We find that the average length of the model-generated answers on GSM8K is shorter than that on MATH. This indicates that solving problems on MATH requires longer reasoning chains, i.e., more steps, compared with GSM8K. Our results show that REBASE is more advantageous under scenarios where more reasoning steps are required, demonstrating the effectiveness of the search strategy.
To further justify this claim, we additionally conduct evaluations on the hard problems (levels 3-5) in MATH based on weighted majority voting. The results are shown below:
| Setting | MATH (hard) Sampling Accuracy | MATH (hard) REBASE Accuracy |
|---|---|---|
| Llemma 7B 32 samples | 34.1% | 37.3% |
| Llemma 7B 64 samples | 34.3% | 39.8% |
| Llemma 34B 32 samples | 36.8% | 40.1% |
| Llemma 34B 64 samples | 36.8% | 43.3% |
The results show that REBASE has stronger performance particularly on hard problems. For example, the sampling accuracy of Llemma 34B does not improve when increasing the sample size from 32 to 64, while REBASE shows better scaling trends. We hope the additional results make our claim more convincing.

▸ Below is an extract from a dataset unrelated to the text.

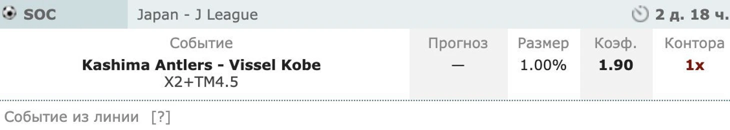 Доброе время! Предлагаю рассмотреть один из матчей, который будет сыгран на выходных. Это матч в Японии, Касима - Кобе. Хочу предложить комбинированную ставку на эту встречу. К сожалению, в пинке такого варианта нет, но зато почти во всех СНГ конторах можете найти его. Итак, Х2+ТМ4.5.

In the scenarios where REBASE is purportedly advantageous (i.e., less compute-intensive situations), the performance on the MATH dataset with Llemma-34B and Mistral-7B models is either weaker than or merely comparable to the Sampling method. This indicates that REBASE does not consistently achieve improvements. An explanation for this should be provided.

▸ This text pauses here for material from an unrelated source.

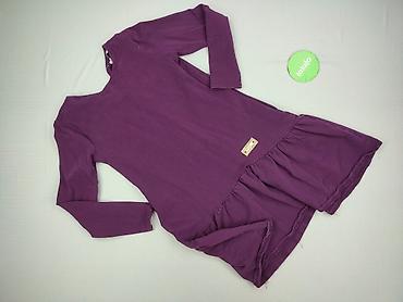 Sukienka damska, rozmiar M - Krój: połączenie góry z prążkowanej, miękkiej dzianiny i dołu przypominającego spódnicę z zakładkami; podkreślona linia pasa. - Kolor: góra fioletowo-niebieska, dół gr...

We believe that you are referring to the leftmost parts of the figures. In each scaling curve, the result begins from only one sample. Thus, these leftmost parts indeed correspond to comparing different methods using only 1-4 sample(s). In such cases, tree search approaches almost degenerate into naive sampling. The FLOPs budget is so limited that there is little room to compare different algorithms.
More meaningful comparisons can be observed in the middle ranges in these figures, where the budget is still limited but offers decent room for applying advanced algorithms. In this regime, we see that REBASE performs consistently better than sampling, e.g., in Fig. 6.
The paper only uses two baselines: sampling and MCTS, without elaborating on their implementation details. It would be beneficial to include the latest baselines and provide detailed introductions and comparisons of the baselines and the proposed REBASE method.
Thank you for the comment. As has been made clear in the keywords and abstract, the primary focus of our paper is inference scaling laws and compute-optimal inference, rather than designing the world’s best mathematical reasoning algorithms. As the initial step in this direction, we begin with systematic theoretical and empirical evaluations of simple methods. We are also aware of many recent works on new methods for mathematical problem solving with LLMs. Studying them in the context of inference scaling laws and compute-optimal inference can be interesting directions for future research.
For the baselines in our work, we have documented them in Sec. 3 and the Appendix. We plan to release our full code upon paper acceptance. We are also happy to include more details in the Appendix if the reviewer finds it helpful.
We sincerely hope that our responses address your concerns and you reevaluate our work based on the responses. Thank you again for your time!
Dear Reviewer EzJx,
Thank you again for your time and efforts in reviewing our paper. We have carefully responded to each of your questions. Given that the author-reviewer discussion deadline is approaching, we would greatly appreciate it if you could kindly review our responses and share your valuable feedback. If you have any remaining concerns, we would be more than happy to discuss them further.
Best regards,
Authors of Paper 6864
While the paper employs a PRM as the reward model within REBASE, it fails to detail the training and inference processes of the reward model. Moreover, it does not address how to ensure the reliability of the rewards generated by this model. An unstable or suboptimal reward model could significantly impact the overall framework, and the authors should consider this aspect.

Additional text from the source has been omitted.